If, e.g., you're using an unpatched Windows 8.1 with IE11, you'll still be
able to connect initially but will get disconnected the first time the key is
rotated (max of 1 hour). Upon disconnection, IE11 will downgrade from TLS 1.2
to 1.0 and try again with a new session, so the user probably won't notice
anything unless they're looking for it. That being said, many sites are
starting to deprecate TLS 1.0, so this could become more of a problem for
patch laggards.

If, instead, you're using a .NET client that doesn't try/catch the exception,
your program will most likely crash.
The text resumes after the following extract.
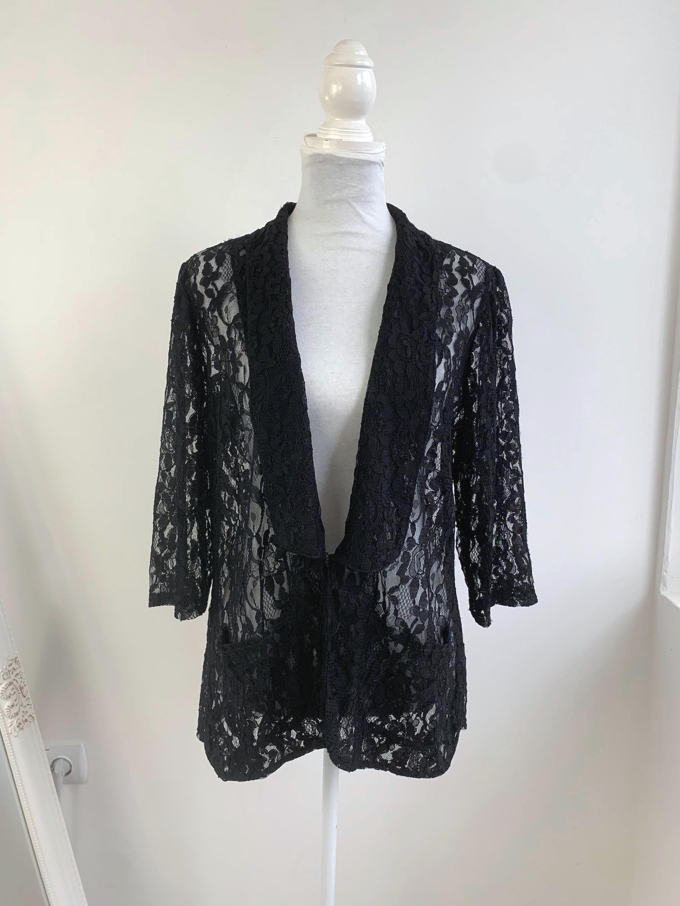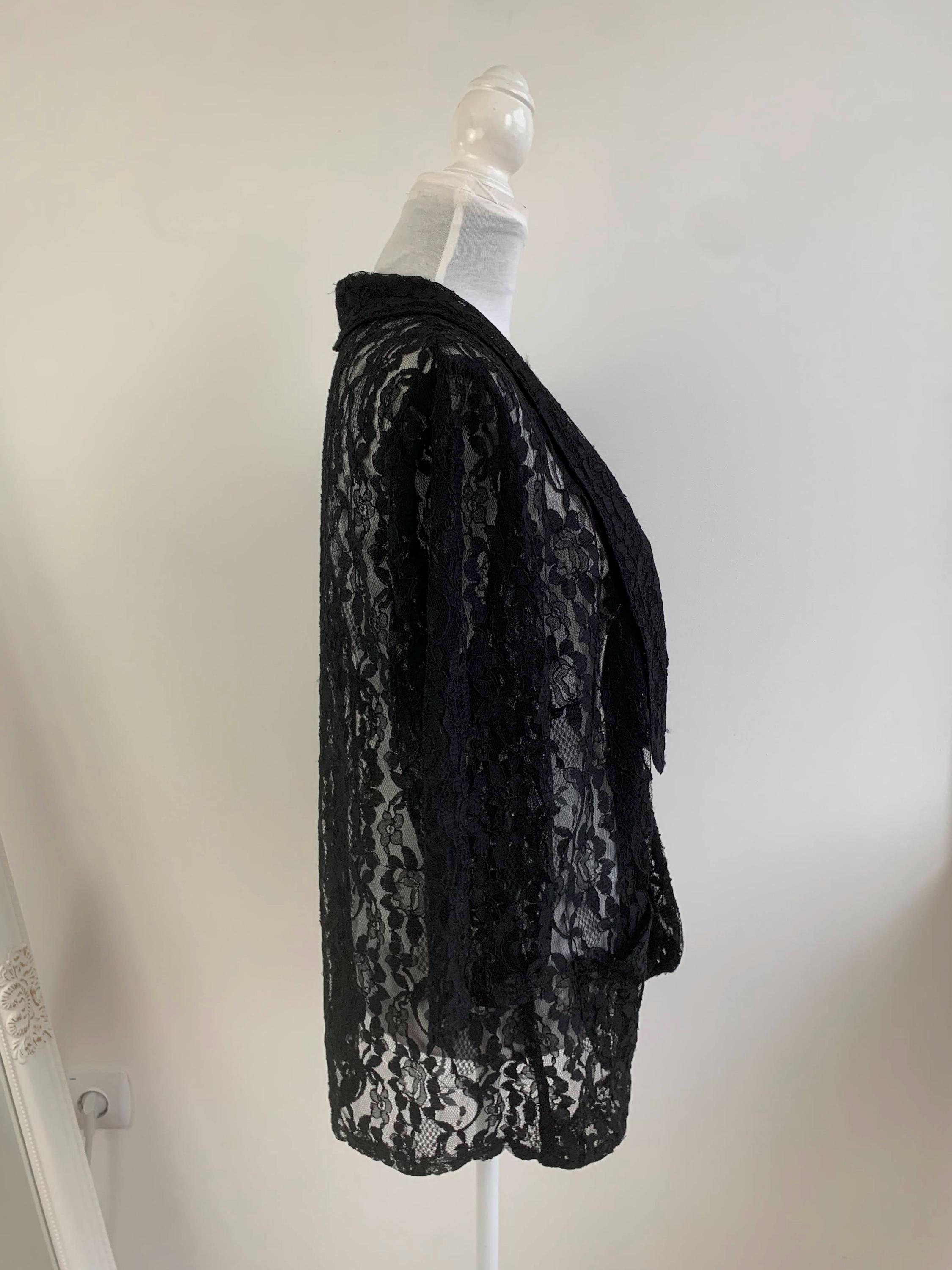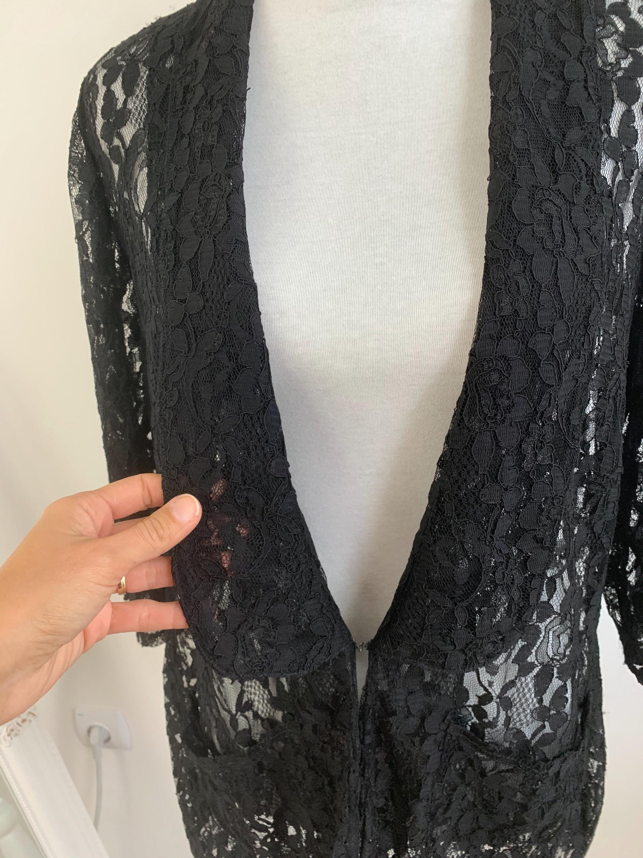 This striking vintage black lace jacket in size L/XL is a timeless piece that effortlessly transitions from a chic daytime cover-up to an elegant evening essential. Dating back to the 1990s era, this sheer, open-front cardigan features a beautiful, intricate floral lace pattern. It has a relaxed, unlined fit and 3/4 sleeves, making it perfect for layering over a camisole or sleeveless dress. The oversized shawl lapel collar adds a sophisticated touch, while the lightweight, airy fabric makes it comfortable to wear year-round. It's a versatile piece of vintage apparel ideal for special occasions, Gothic-inspired looks, weddings, or adding a touch of romance and texture to everyday outfits. It can be worn open for a flowing look or closed with the simple hook-and-eye closure at the front.
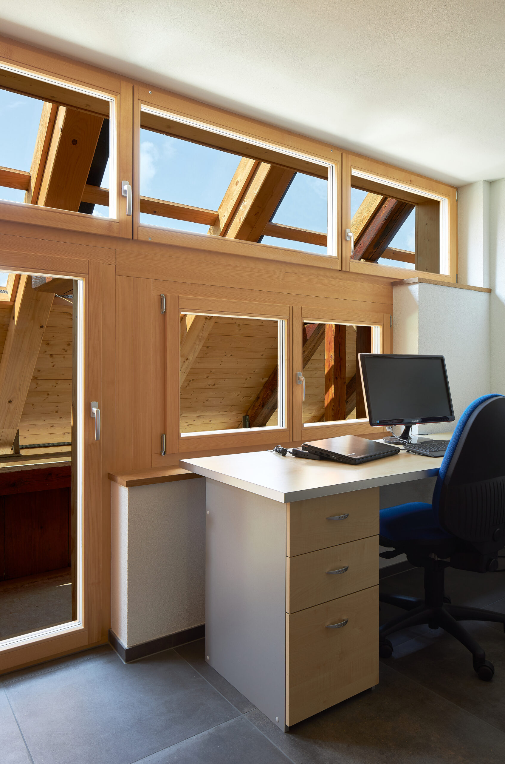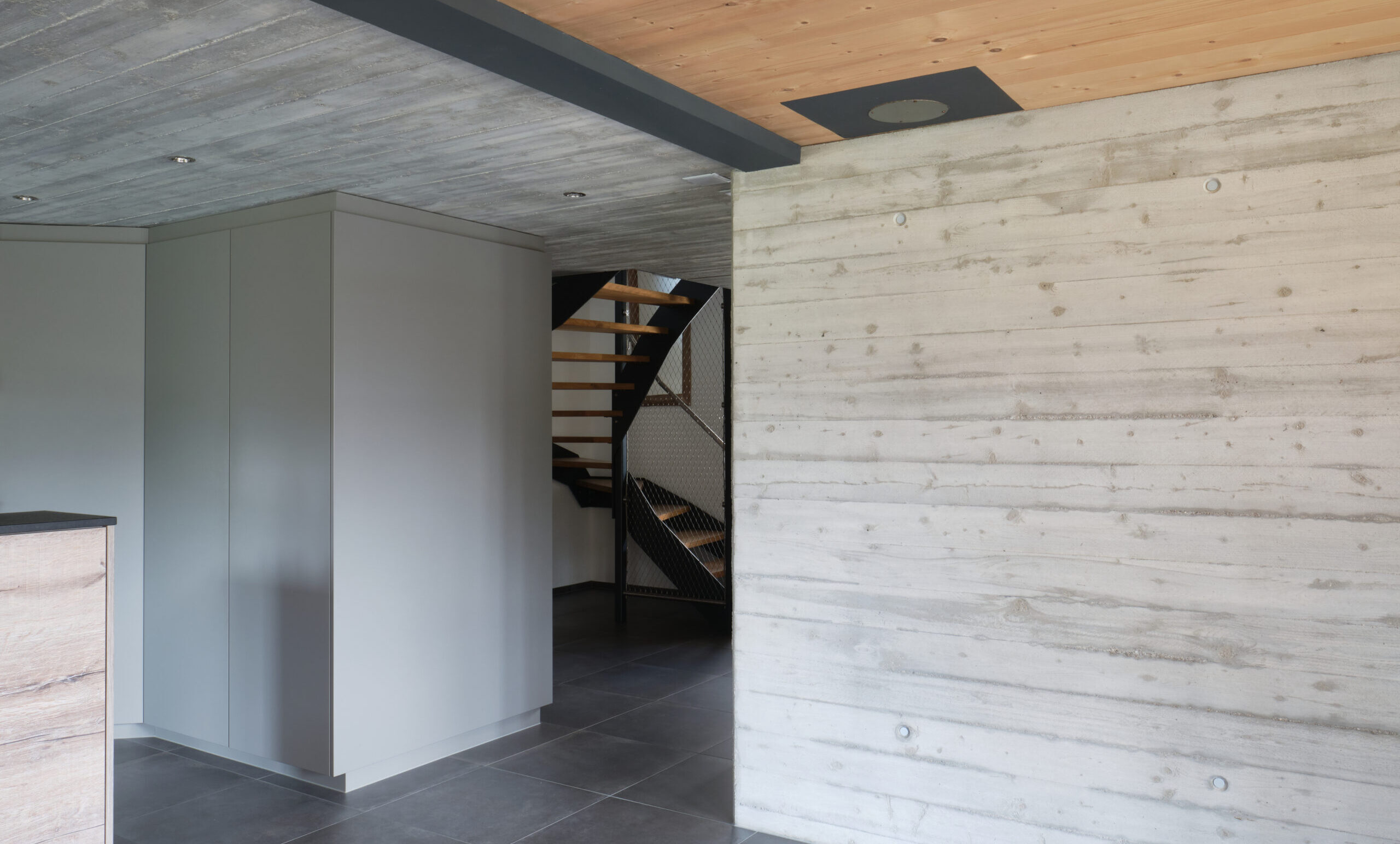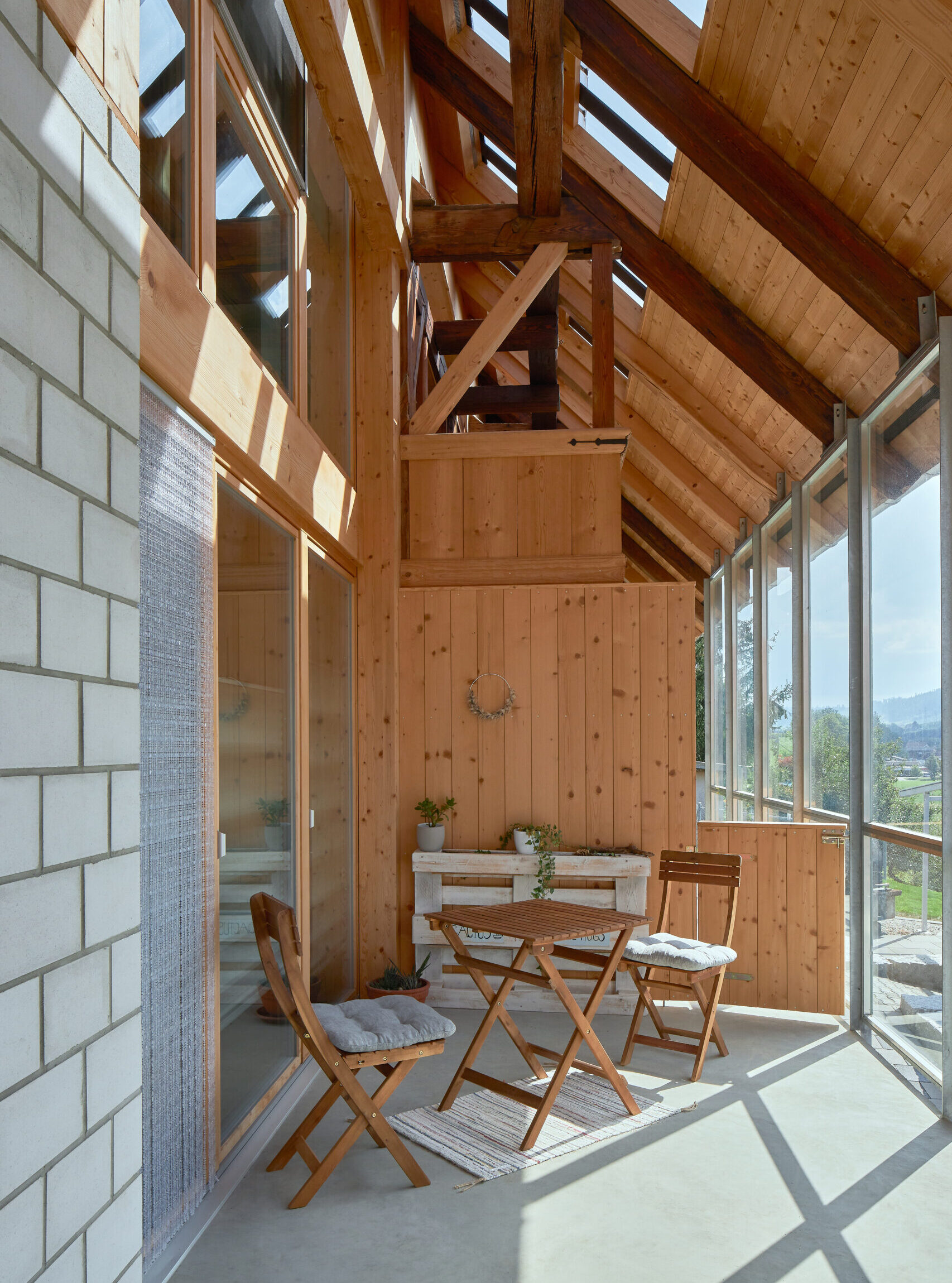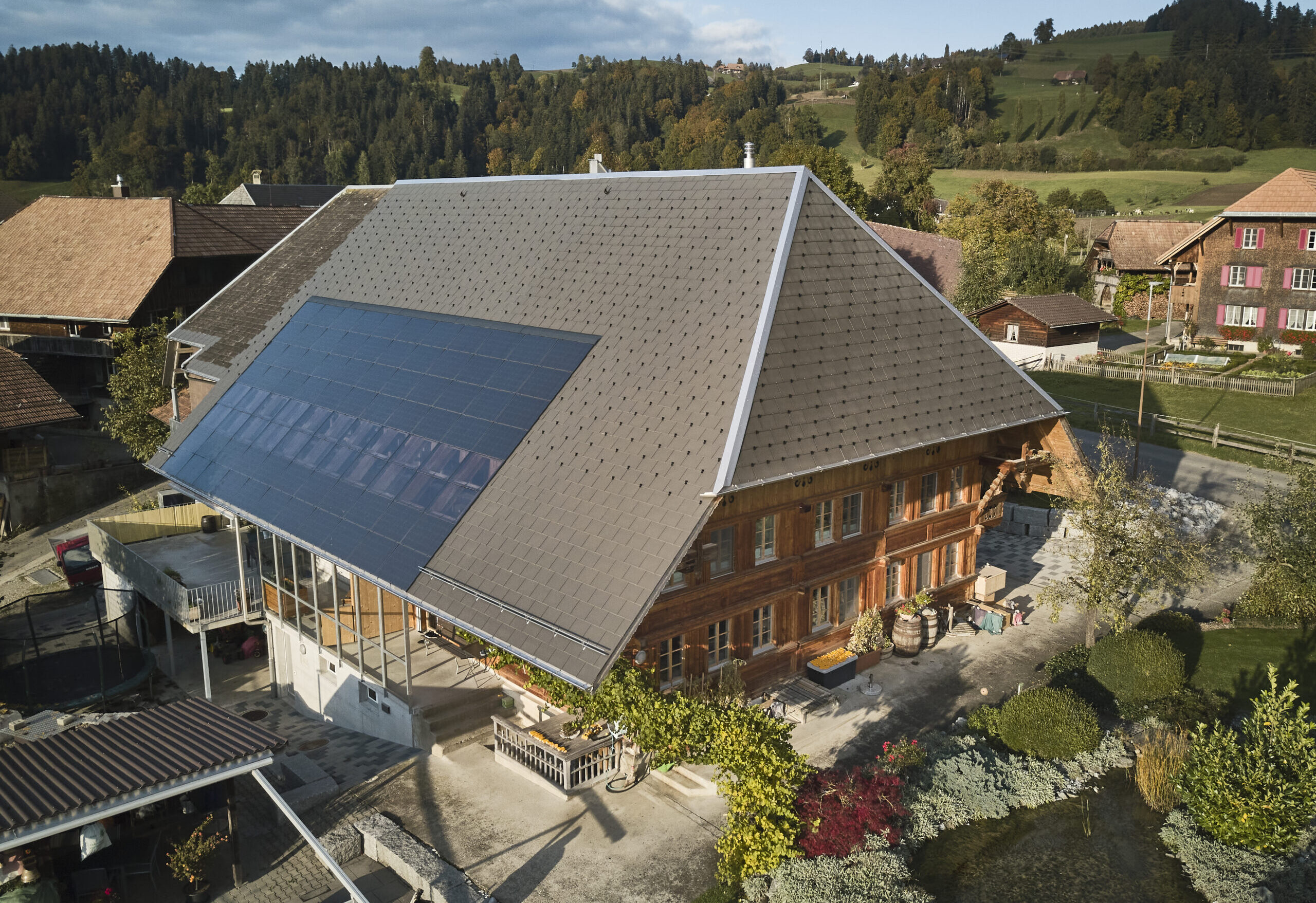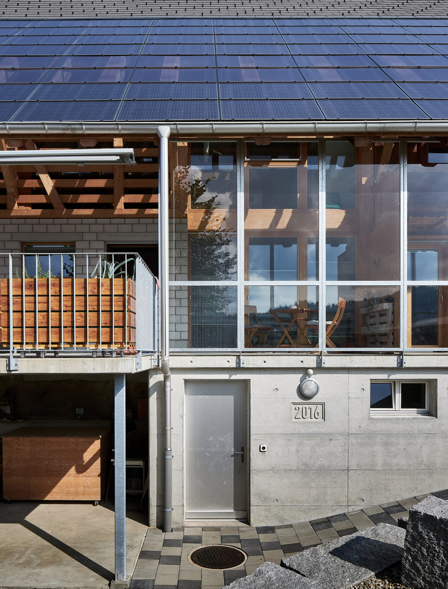 Gefragt waren Ideen für alternative Baumaterialien. Neben Holz integrierten wir auch Bauteile aus Stahl und Beton. Das Gebäude wird mit einer Wärmepumpe geheizt. Die Energie wird aus der Aussenluft und dem Solarstrom der dachintegrierten Photovoltaik erneuerbar gewonnen.

For customers like this with had a high
dependency on Microsoft clients, we simply disabled the issuance of session
tickets (just for their site) until the fix was made public.

Basically, SChannel freaks out when it sees a new session ticket presented
during the _abbreviated_ handshake (it handles it fine during the full
handshake). Without seeing their code, it appears that only portions of RFC
5077 were implemented. Btw, most sites don't ever bother to ever rotate their
session ticket keys outside of httpd process restarts, so this is why it
wasn't discovered for so long.

------
prdonahue
Does anyone else know who rotates their session ticket keys? I'm aware of
Twitter (jsha's post here: [https://blog.twitter.com/2013/forward-secrecy-at-
twitter-0](https://blog.twitter.com/2013/forward-secrecy-at-twitter-0)), but
not really any others..